Bursa malum son dönemde tabiri caizse beton talanına uğradı.

Orantısız yoğunluk artışından en fazla nasibini alan lokasyonlar arasında ilk sıralarda Nilüfer'deki Odunluk mahallesi de yer aldı.

Bölge prim yapınca âdeta yağmalandı.

Odunluk'taki trafik keşmekeşine, bilhassa hafta sonları yaşanan kaosa daha önce bu sütunlarda değindik.

Söz konusu mahallenin bir şehir nasıl planlanmamalının örneği olarak dünyada ders olarak okutulması gerektiğini hep söyledik.

Bakyapı'nın planlara aykırı yapıldığı için kaçak konuma düşen binaları...

Bölgede süren fahiş emsalli inşaat çalışmaları...

Ankara'nın müdahalesiyle imara açılmaya çalışılan yeni konut alanları...

Bitmek bilmeyen korkunç rant hırsı karşımıza metro istasyonunda kaçak eczane dahi çıkarmıştı!

İşte o Odunluk sanki yeterince içinden çıkılmaz bir hâle sürüklenmemiş gibi bölgede son kalan parsellere de otel dikilmesi için plan değişikliğine gidilmişti.

Hatırlatmak gerekirse helikopter pistinin bulunduğu şu anda otopark olarak kullanılan 252 ada 57, 58, 59 parseller için Bursa Büyükşehir Belediye Meclisi tarafından yapılan 1/5000 Ölçekli Nazım İmar Planı değişikliği ile 1/1.000 Ölçekli Uygulama İmar Planı değişikliğinin iptali istemiyle Türk Mühendis ve Mimar Odaları Birliği (TMMOB) Bursa İl Koordinasyon Kurulu tarafından dava açılmıştı.

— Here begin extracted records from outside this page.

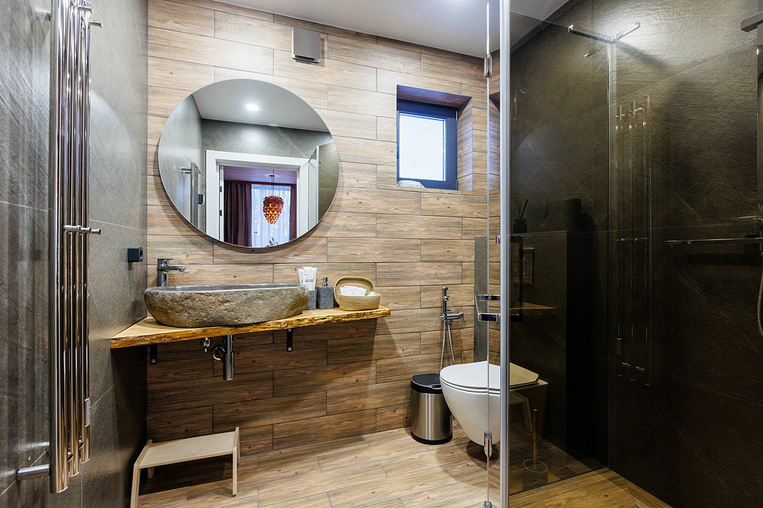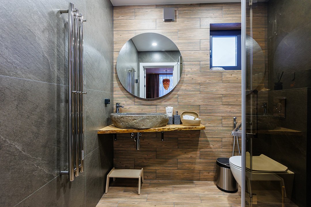Комфортный двухэтажный дом с двойным светом и панорамным остеклением, которое позволяет любоваться невероятными рассветами и прекрасным видом на горы.
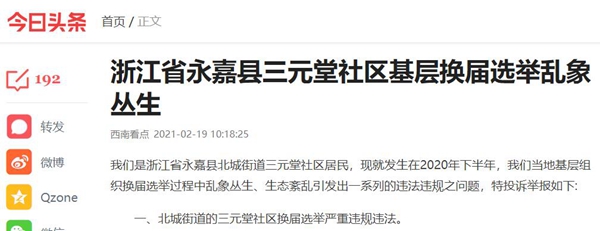 我们是浙江省永嘉县北城街道三元堂社区居民,现就发生在2020年下半年,我们当地基层组织换届选举过程中乱象丛生、政治生态紊乱引发出一系列的违法违规之问题,特投诉举报如下...
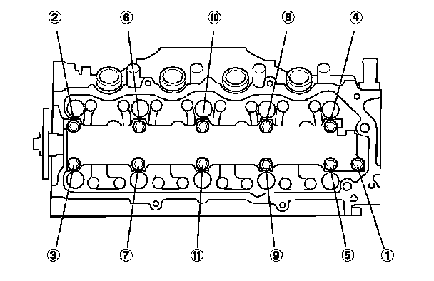 3. Unscrew the rocker shaft mounting bolts two turns at a time in sequence shown.
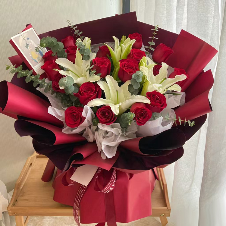 19支红玫瑰,2支多头白百合(至少3头)。尤加利叶搭配饱满
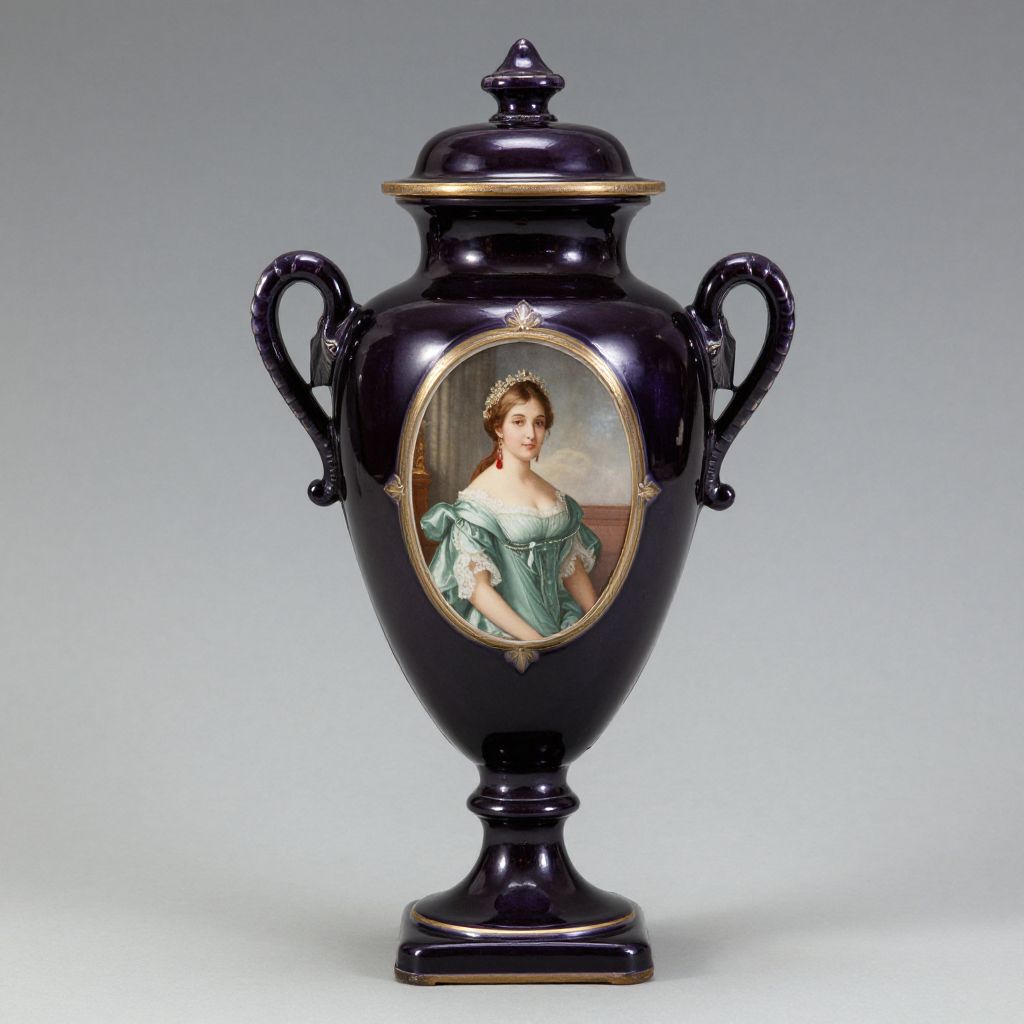 Royal Vienna vase featuring a dark purple glaze, adorned with a central oval portrait of a woman in an elegant green dress, flanked by two ornate handles, topped with a matching lid and finial, standing gracefully on a pedestal base.

Zira söz konusu parseller değişiklikler ile 'Belediye Hizmet Alanı', 'Özel Sosyal Tesis Alanı' ve 'Otopark' olarak planlıyken 'Ticaret+Turizm Alanı', 'Özel Sosyal Tesis Alanı', 'Park Alanı' ve kısmen 'Belediye Hizmet Alanı' hüviyeti kazandı.

60 metre yüksekliğinde otel dikilmesinin önü açıldı.

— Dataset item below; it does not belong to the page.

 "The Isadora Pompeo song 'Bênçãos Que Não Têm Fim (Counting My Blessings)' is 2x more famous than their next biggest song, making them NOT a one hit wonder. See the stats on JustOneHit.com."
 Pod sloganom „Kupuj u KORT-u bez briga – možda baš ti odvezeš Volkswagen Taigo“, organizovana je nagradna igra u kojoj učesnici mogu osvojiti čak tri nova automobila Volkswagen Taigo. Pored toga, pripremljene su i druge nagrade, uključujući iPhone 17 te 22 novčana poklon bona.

Söz konusu plan değişiklikleri imar kanunun parsel bazında plan değişikliği yapılamaz ifadesine aykırıydı.

Sosyal ve teknik altyapı standartlarını düşürüyor ve kamu yararı taşımıyordu.

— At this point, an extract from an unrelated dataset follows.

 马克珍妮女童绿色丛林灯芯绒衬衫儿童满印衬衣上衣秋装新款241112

Azalan donatı alanına karşın, eş değer donatı alanı ayrılmamıştı.

Ayrıca kurum görüşleri de alınmamıştı.

Ancak yaşadığımız son deprem felaketini de düşünürsek belki de en çarpıcı nokta bölgenin zeminiyle alakalıydı.

Plan değişiklikleri açıklama raporunda dava konusu parselleri içeren bölgeyle ilgili şunlar yazılmıştı:

"Planlama sahası QAL (alüvyon) toprak özelliğinde olup 2001 yılı onaylı jeolojik jeoteknik etüt raporu sonuç bölümünde 'Alüvyon olarak tanımlanan sahaların tamamında parsel bazında yapılacak ayrıntılı jeoteknik etütler sonucunda, sıvılaşma tahkiki yapılarak sıvılaşma potansiyeli tespit edilen sahalarda sıvılaşmaya karşı alınabilecek önlem ve öneri projelerini içeren jeolojik ve jeoteknik etütlerin yapılarak her parsel için zemin parametrelerinin belirlenmesi' şartlarının yerine getirilmesi gerekliliği ifade edilmiştir."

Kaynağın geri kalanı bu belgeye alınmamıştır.